◆ **DATASET CONTENT**
━━━━━━━━━━━━━━━━━━━━

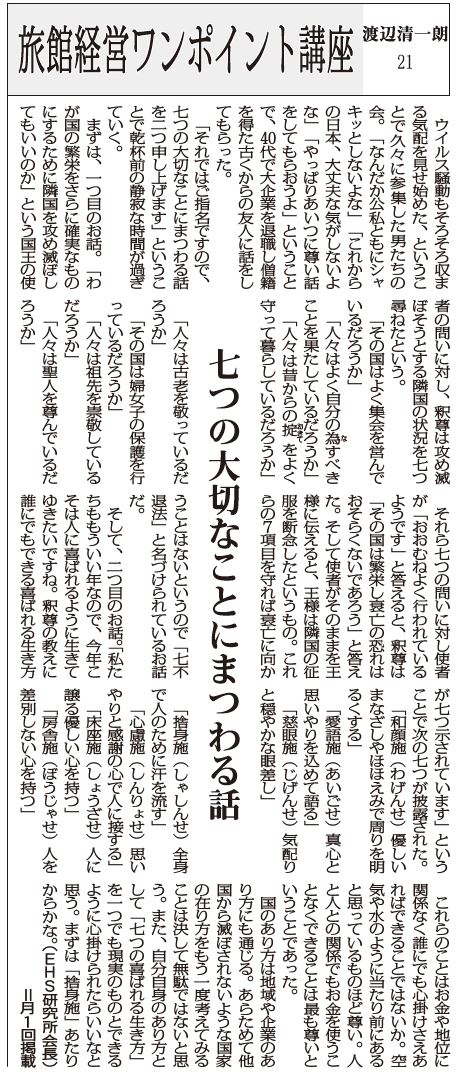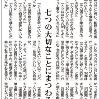 国のあり方は地域や企業のあり方にも通じる。あらためて他国から滅ぼされないような国家の在り方をもう一度考えてみることは決して無駄ではないと思う。また、自分自身のあり方として「七つの喜ばれる生き方」を一つでも現実のものとできるように心掛けられたらいいなと思う。まずは「捨身施」あたりからかな。
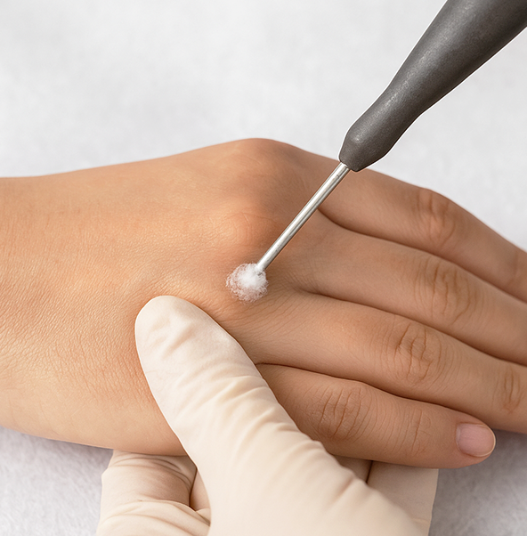 사마귀는 냉동치료, 레이저치료 등으로 바이러스 감염 부위 제거합니다.
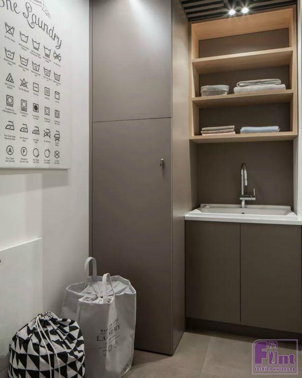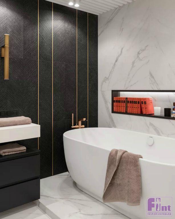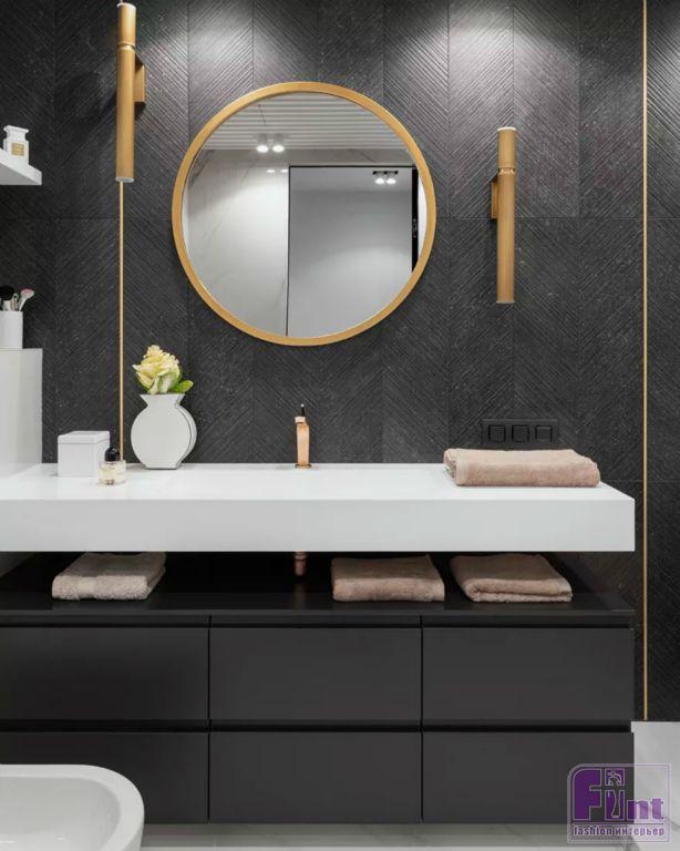 В проекте предусмотрено несколько санузлов, а ванная комната разделена с душевой. Светлый керамогранит в ванной комнате отлично гармонирует с тёмной мебелью и настенной плиткой в цвете венге с орнаментом французской ёлочки. Этот орнамент можно также заметить во многих комнатах квартиры на полу, поскольку паркет уложен именно в орнаменте «шеврон» (chevron).

━━━━━━━━━━━━━━━━━━━━

Without copying any picture, write out all of the material exactly as it reads.

 国のあり方は地域や企業のあり方にも通じる。あらためて他国から滅ぼされないような国家の在り方をもう一度考えてみることは決して無駄ではないと思う。また、自分自身のあり方として「七つの喜ばれる生き方」を一つでも現実のものとできるように心掛けられたらいいなと思う。まずは「捨身施」あたりからかな。
 사마귀는 냉동치료, 레이저치료 등으로 바이러스 감염 부위 제거합니다.
 В проекте предусмотрено несколько санузлов, а ванная комната разделена с душевой. Светлый керамогранит в ванной комнате отлично гармонирует с тёмной мебелью и настенной плиткой в цвете венге с орнаментом французской ёлочки. Этот орнамент можно также заметить во многих комнатах квартиры на полу, поскольку паркет уложен именно в орнаменте «шеврон» (chevron).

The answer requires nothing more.